Look through the records below for the line holding "Geiserailie Juego de". Write it out exactly, with each following line through the line holding "На выставке, организованной".
═══ Data records
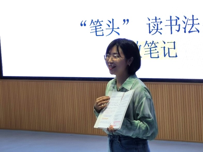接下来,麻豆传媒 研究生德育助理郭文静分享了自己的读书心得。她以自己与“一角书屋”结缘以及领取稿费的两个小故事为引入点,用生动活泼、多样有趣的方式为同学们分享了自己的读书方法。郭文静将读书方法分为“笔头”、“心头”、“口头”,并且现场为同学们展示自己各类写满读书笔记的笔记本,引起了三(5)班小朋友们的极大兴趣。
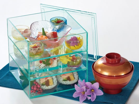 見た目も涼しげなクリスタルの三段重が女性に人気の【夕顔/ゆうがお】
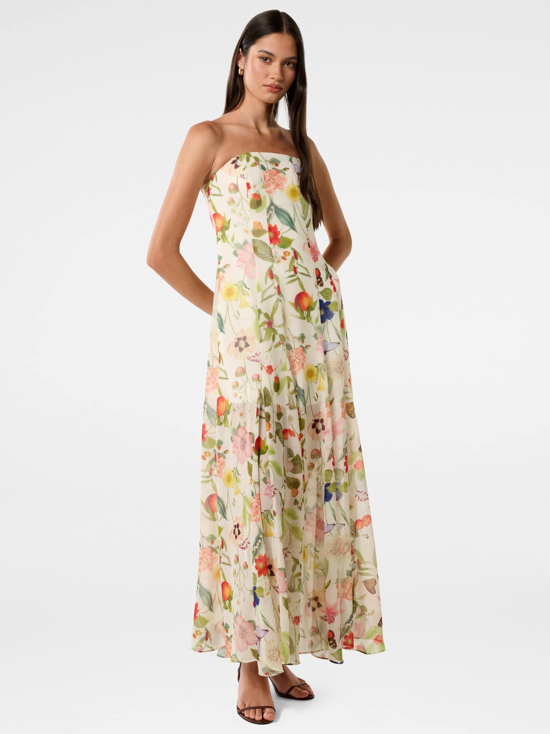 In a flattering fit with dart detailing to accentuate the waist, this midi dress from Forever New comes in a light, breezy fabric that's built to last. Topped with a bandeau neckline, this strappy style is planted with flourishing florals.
══════
═══ Data records
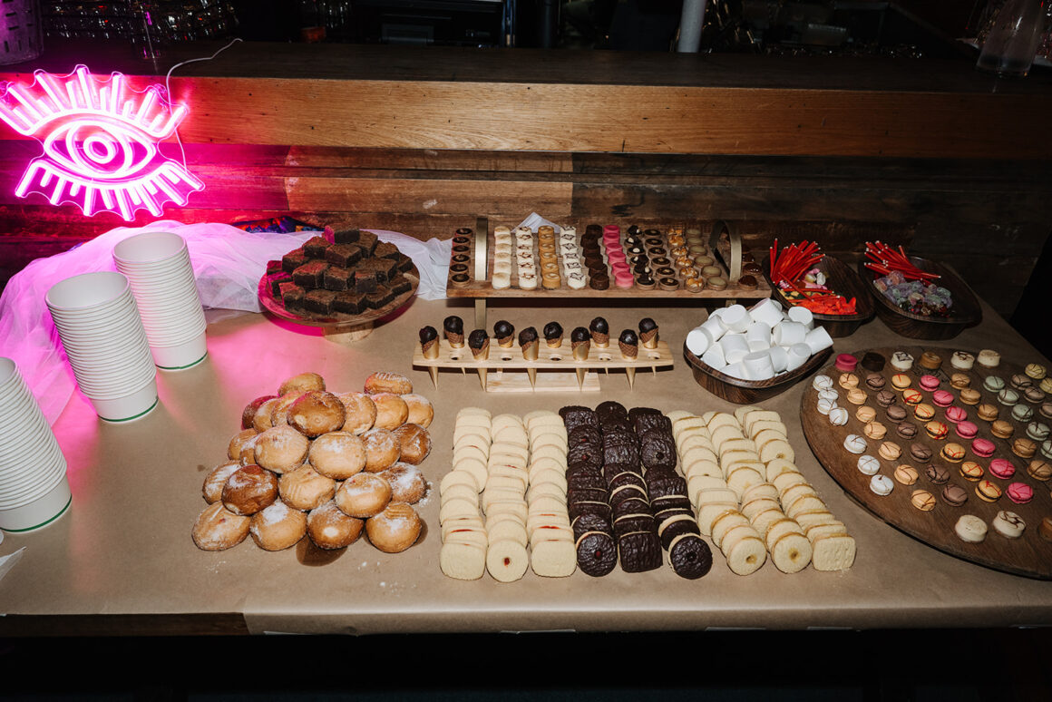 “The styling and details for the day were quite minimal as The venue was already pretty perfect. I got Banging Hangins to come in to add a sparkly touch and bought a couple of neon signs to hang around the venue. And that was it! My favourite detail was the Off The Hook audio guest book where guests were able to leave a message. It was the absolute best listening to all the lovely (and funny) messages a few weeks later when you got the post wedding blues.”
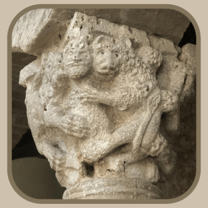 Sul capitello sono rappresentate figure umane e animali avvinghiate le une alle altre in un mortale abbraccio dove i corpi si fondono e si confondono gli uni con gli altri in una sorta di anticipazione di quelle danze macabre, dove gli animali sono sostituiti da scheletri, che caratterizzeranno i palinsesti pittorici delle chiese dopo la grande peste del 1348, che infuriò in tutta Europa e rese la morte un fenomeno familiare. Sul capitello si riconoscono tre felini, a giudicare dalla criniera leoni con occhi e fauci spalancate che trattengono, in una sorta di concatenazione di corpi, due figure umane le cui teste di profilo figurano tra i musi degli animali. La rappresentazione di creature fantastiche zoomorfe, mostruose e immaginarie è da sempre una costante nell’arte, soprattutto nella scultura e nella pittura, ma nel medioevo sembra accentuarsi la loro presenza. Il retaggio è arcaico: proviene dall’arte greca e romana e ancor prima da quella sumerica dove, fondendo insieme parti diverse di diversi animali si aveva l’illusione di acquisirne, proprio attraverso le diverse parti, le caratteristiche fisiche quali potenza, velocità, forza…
══════
═══ Data records
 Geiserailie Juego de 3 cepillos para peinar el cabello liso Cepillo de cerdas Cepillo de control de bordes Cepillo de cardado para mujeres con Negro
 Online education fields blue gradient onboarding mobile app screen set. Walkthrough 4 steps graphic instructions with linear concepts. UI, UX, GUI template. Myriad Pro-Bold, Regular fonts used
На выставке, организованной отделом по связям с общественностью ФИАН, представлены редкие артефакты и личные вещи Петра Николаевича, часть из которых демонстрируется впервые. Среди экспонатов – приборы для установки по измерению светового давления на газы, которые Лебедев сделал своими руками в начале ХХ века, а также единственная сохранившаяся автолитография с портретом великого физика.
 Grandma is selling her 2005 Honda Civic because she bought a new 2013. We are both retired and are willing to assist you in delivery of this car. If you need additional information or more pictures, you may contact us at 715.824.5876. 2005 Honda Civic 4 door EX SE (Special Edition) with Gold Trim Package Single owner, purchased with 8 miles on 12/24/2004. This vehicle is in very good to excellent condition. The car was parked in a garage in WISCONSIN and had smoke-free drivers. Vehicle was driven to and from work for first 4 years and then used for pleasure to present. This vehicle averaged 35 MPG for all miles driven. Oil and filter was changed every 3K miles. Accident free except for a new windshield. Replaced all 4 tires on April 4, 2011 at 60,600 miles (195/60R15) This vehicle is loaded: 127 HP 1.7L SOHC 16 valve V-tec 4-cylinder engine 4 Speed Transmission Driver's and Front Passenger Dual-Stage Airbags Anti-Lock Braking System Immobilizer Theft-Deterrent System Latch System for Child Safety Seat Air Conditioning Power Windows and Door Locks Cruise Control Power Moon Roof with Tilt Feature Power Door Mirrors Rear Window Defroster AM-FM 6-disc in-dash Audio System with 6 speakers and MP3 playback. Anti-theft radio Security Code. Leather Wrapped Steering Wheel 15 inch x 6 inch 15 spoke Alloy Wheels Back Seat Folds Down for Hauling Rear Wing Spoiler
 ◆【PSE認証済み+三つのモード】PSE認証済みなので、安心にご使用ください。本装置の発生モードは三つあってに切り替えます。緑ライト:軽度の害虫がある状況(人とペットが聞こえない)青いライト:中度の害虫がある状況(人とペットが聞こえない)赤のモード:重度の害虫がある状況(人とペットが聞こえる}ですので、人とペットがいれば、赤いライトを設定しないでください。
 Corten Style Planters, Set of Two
══════
Written solution
 Geiserailie Juego de 3 cepillos para peinar el cabello liso Cepillo de cerdas Cepillo de control de bordes Cepillo de cardado para mujeres con Negro
 Online education fields blue gradient onboarding mobile app screen set. Walkthrough 4 steps graphic instructions with linear concepts. UI, UX, GUI template. Myriad Pro-Bold, Regular fonts used
На выставке, организованной отделом по связям с общественностью ФИАН, представлены редкие артефакты и личные вещи Петра Николаевича, часть из которых демонстрируется впервые. Среди экспонатов – приборы для установки по измерению светового давления на газы, которые Лебедев сделал своими руками в начале ХХ века, а также единственная сохранившаяся автолитография с портретом великого физика.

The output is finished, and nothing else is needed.